Stored items from a collection:
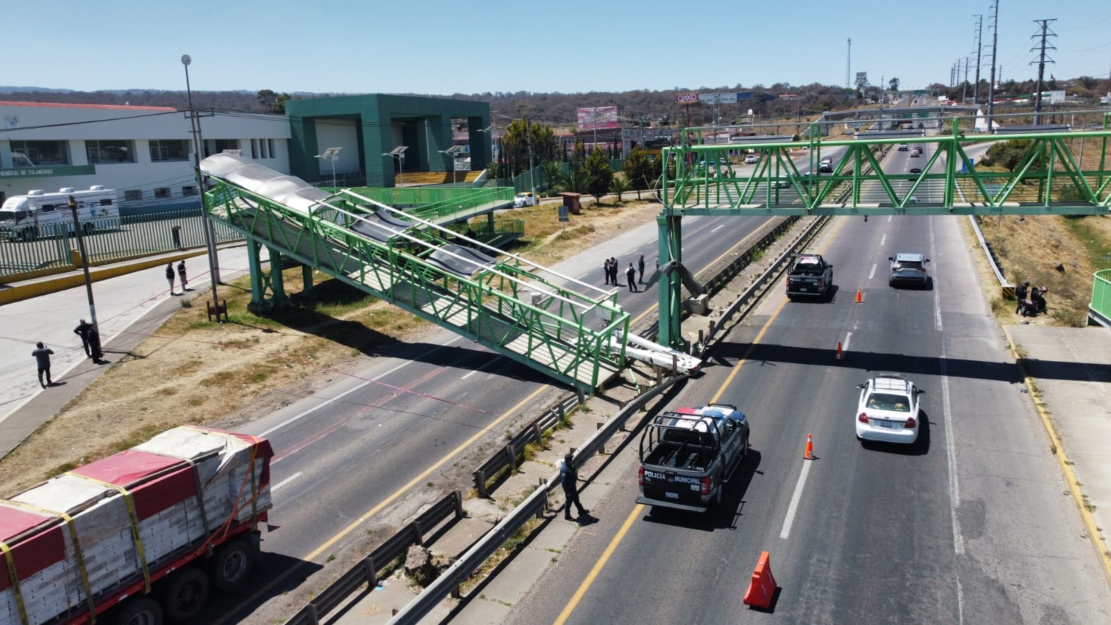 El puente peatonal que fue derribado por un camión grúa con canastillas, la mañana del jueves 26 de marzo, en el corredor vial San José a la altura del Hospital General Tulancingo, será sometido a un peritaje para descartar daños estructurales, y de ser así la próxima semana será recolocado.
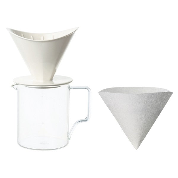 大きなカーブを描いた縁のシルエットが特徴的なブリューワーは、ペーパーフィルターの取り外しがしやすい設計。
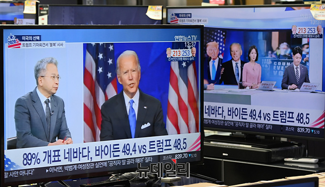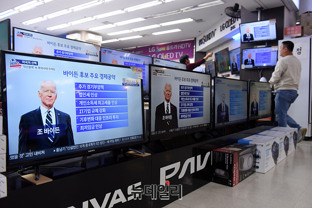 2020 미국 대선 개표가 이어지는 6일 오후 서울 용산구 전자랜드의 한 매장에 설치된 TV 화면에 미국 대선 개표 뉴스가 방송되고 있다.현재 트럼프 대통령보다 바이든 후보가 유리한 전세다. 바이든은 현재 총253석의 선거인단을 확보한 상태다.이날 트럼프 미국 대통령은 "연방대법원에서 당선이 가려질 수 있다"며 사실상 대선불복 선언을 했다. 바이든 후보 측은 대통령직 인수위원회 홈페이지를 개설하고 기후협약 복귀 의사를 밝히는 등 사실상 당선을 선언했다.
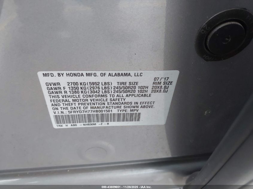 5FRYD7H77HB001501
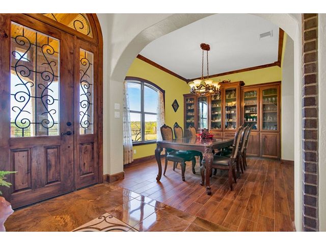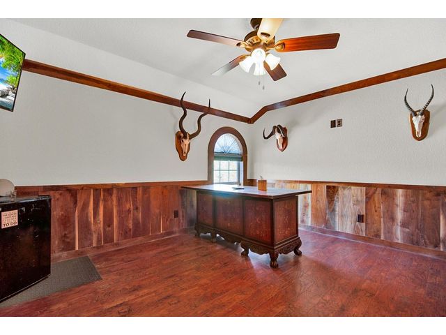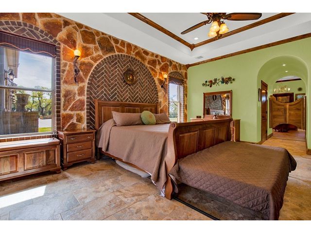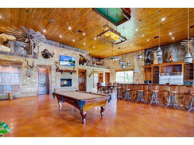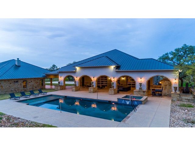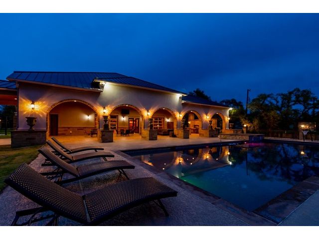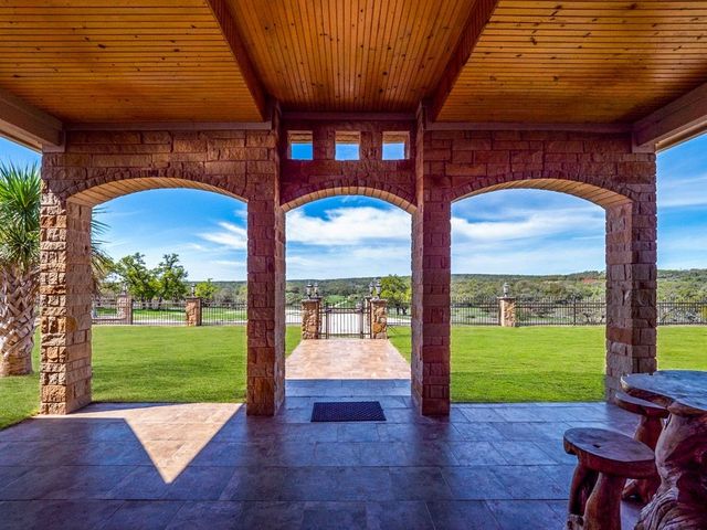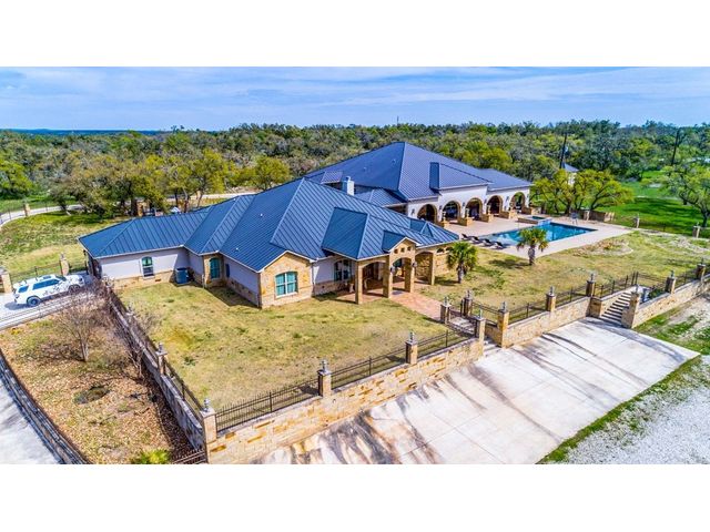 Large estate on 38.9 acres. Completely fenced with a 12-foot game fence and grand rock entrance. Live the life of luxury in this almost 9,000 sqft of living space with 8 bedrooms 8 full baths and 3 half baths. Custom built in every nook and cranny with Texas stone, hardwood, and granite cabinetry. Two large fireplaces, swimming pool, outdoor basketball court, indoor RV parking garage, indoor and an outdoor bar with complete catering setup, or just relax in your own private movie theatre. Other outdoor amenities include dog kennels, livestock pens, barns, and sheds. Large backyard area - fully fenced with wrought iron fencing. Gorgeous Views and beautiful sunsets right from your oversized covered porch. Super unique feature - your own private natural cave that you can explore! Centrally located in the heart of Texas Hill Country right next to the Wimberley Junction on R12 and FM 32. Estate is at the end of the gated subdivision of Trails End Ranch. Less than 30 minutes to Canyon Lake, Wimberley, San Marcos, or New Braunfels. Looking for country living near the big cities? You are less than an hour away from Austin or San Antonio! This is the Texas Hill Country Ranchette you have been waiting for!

• **Problem description**
Pictures are to be left out; all other data must be returned exactly.

• **Expected output**
 El puente peatonal que fue derribado por un camión grúa con canastillas, la mañana del jueves 26 de marzo, en el corredor vial San José a la altura del Hospital General Tulancingo, será sometido a un peritaje para descartar daños estructurales, y de ser así la próxima semana será recolocado.
 大きなカーブを描いた縁のシルエットが特徴的なブリューワーは、ペーパーフィルターの取り外しがしやすい設計。
 2020 미국 대선 개표가 이어지는 6일 오후 서울 용산구 전자랜드의 한 매장에 설치된 TV 화면에 미국 대선 개표 뉴스가 방송되고 있다.현재 트럼프 대통령보다 바이든 후보가 유리한 전세다. 바이든은 현재 총253석의 선거인단을 확보한 상태다.이날 트럼프 미국 대통령은 "연방대법원에서 당선이 가려질 수 있다"며 사실상 대선불복 선언을 했다. 바이든 후보 측은 대통령직 인수위원회 홈페이지를 개설하고 기후협약 복귀 의사를 밝히는 등 사실상 당선을 선언했다.
 5FRYD7H77HB001501
 Large estate on 38.9 acres. Completely fenced with a 12-foot game fence and grand rock entrance. Live the life of luxury in this almost 9,000 sqft of living space with 8 bedrooms 8 full baths and 3 half baths. Custom built in every nook and cranny with Texas stone, hardwood, and granite cabinetry. Two large fireplaces, swimming pool, outdoor basketball court, indoor RV parking garage, indoor and an outdoor bar with complete catering setup, or just relax in your own private movie theatre. Other outdoor amenities include dog kennels, livestock pens, barns, and sheds. Large backyard area - fully fenced with wrought iron fencing. Gorgeous Views and beautiful sunsets right from your oversized covered porch. Super unique feature - your own private natural cave that you can explore! Centrally located in the heart of Texas Hill Country right next to the Wimberley Junction on R12 and FM 32. Estate is at the end of the gated subdivision of Trails End Ranch. Less than 30 minutes to Canyon Lake, Wimberley, San Marcos, or New Braunfels. Looking for country living near the big cities? You are less than an hour away from Austin or San Antonio! This is the Texas Hill Country Ranchette you have been waiting for!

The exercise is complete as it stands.